Protest camp at heart of downtown deserted after police raid

Nothing to see here at the site where protestors set up their sit-in camp. PHOTO/ COCONUTS MEDIA

There was no sign this afternoon of the bustling protest camp that spent more than 300 days at the heart of downtown Yangon.

In the road next to Mahabandoola Park where land rights campaigners began their sit-in last year, municipal workers dug a deep trench while a few police officers lingered in the shade.

The camp, which had become a highly visible and vocal fixture next to Sule Pagoda in the centre of the city, was broken up in the early hours of Thursday morning, according to The Irrawaddy.

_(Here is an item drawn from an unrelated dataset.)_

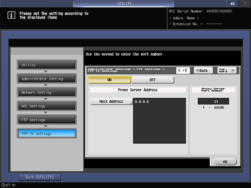 [Número de puerto del servidor proxy] | Puede definir el número de puerto del servidor proxy que se comunica con el sistema cuando se realiza un envío por FTP. Introduzca el número de puerto de servidor proxy utilizando el Teclado del Panel de control. Rango: de 1 a 65535 | |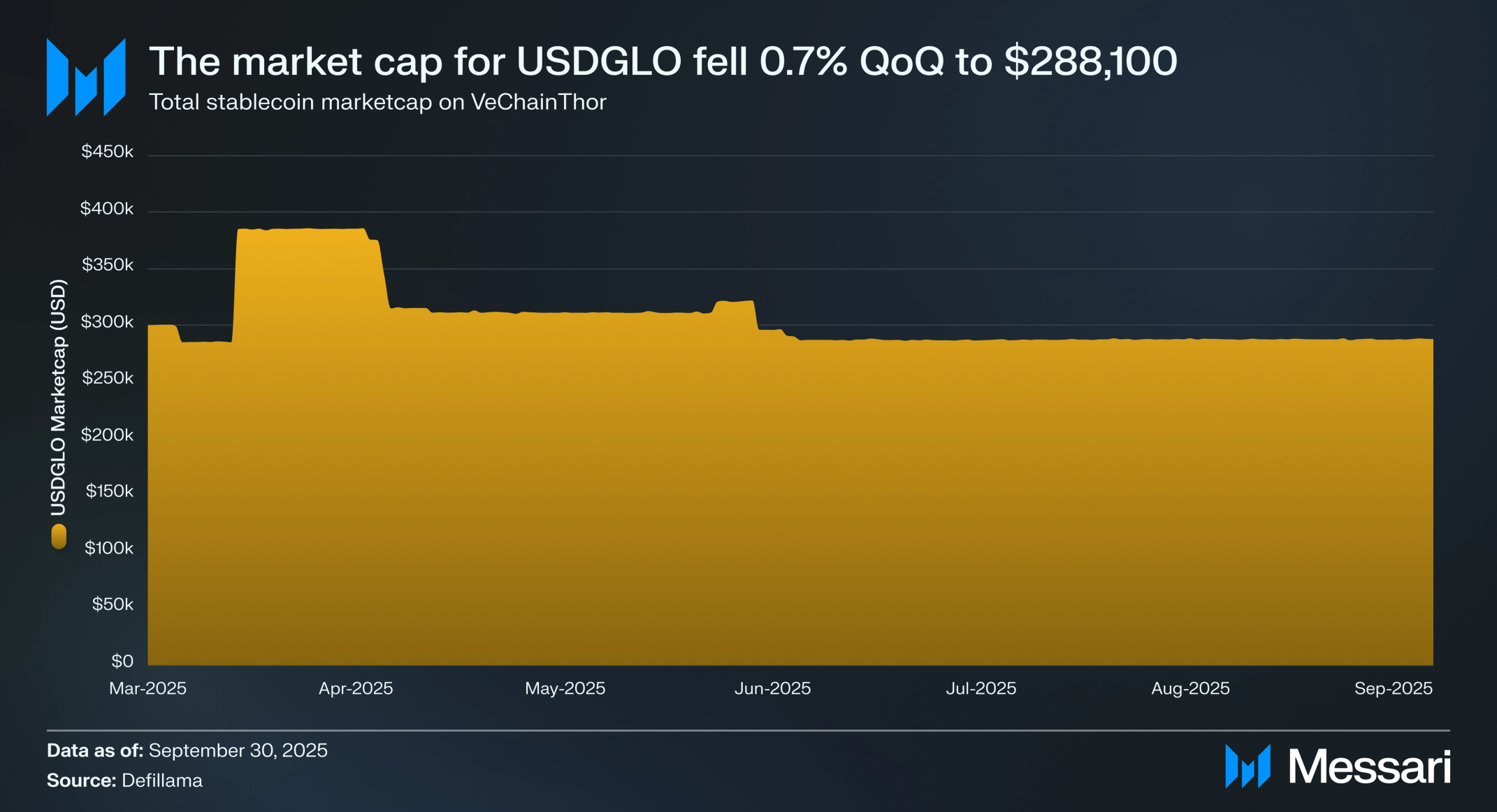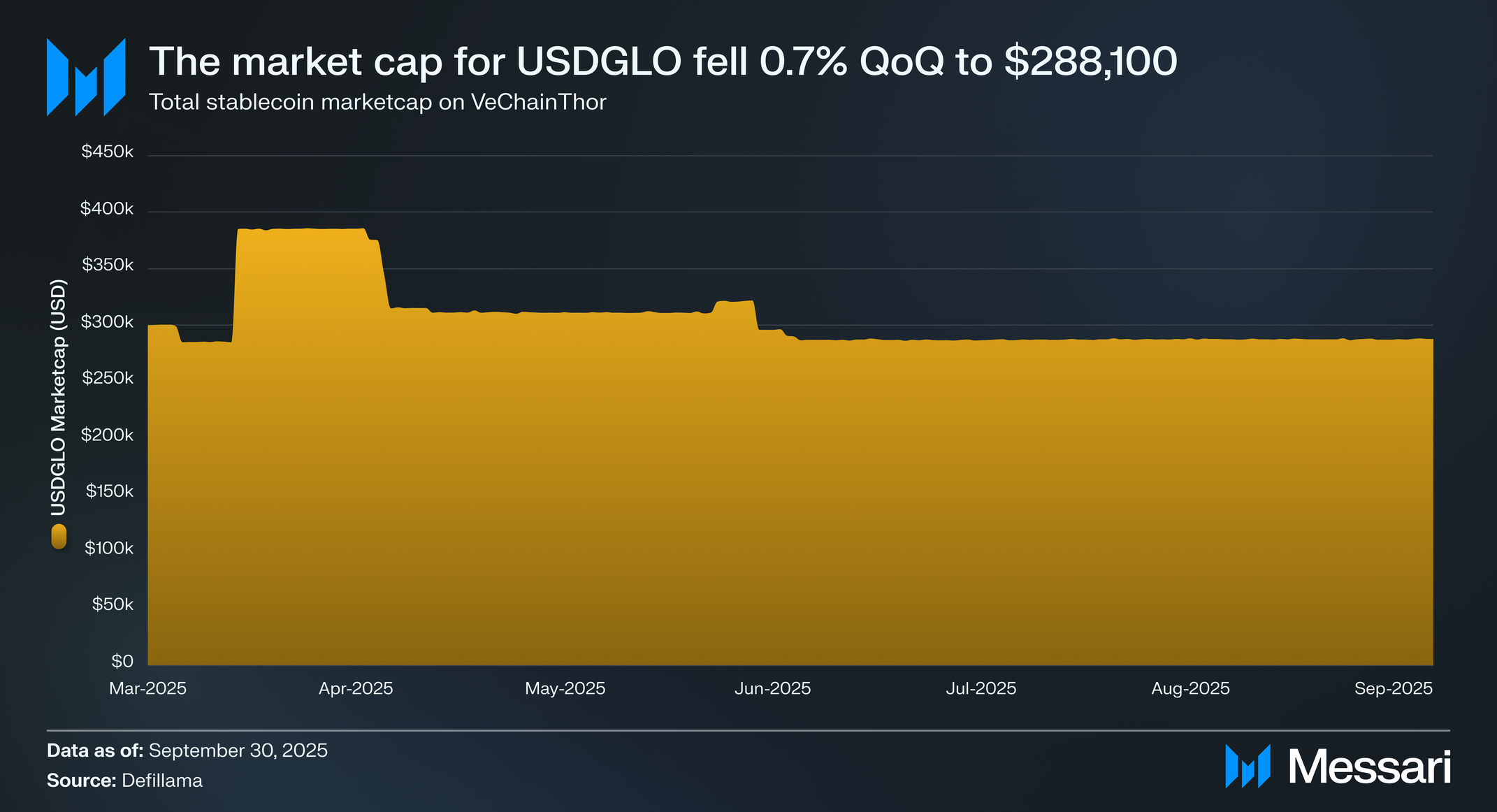 2025년 3월 18일, USDGLO가 비체인에서 출시되어 네트워크의 주요 스테이블코인으로 VeUSD를 대체했다. USDGLO의 도입은 네트워크의 금융 인프라 구축에 중요한 단계를 나타냈으며, DeFi 프로토콜, 거래 쌍, 소매 사용 사례를 위한 안정적인 결제 레이어를 제공했다. 변동성에 대한 노출을 줄임으로써 USDGLO와 같은 스테이블코인은 기업 채택과 소비자 대상 애플리케이션 모두를 지원할 수 있는 예측 가능한 교환 매체를 창출한다. 또한 USDLO 활동으로부터의 수익은 비체인 재단에 직접 전달되어 B3TR 토큰을 구매하는 데 사용될 것이다. USDGLO 수익을 통해 구매된 B3TR 토큰은 비베터에 제공되어 생태계 이니셔티브를 지원하고 생태계 참여에 인센티브를 제공하는 데 사용될 것이다. USDGLO는 3분기를 시가총액 28만 8,100달러로 마감했으며, 전분기 대비 0.7% 감소했다.

Police charged 14 of the campaigners, who demand the return of land in Yangon’s Thingangyun Township confiscated by the military in the 1990s, under the Peaceful Assembly Law and a municipal ordinance.

They have since been released on bail ahead of trial on March 11. The charges carry a maximum prison sentence of one year.

The Yangon City Development Committee said protestors were asked to leave on Wednesday to make way for an upgrade of the drainage system but stayed put.

Another 14 protestors from the same group were sentenced to six months in prison last week. They were found guilty of unlawful assembly and wrongful restraint after they moved their camp from the park to the footsteps of City Hall.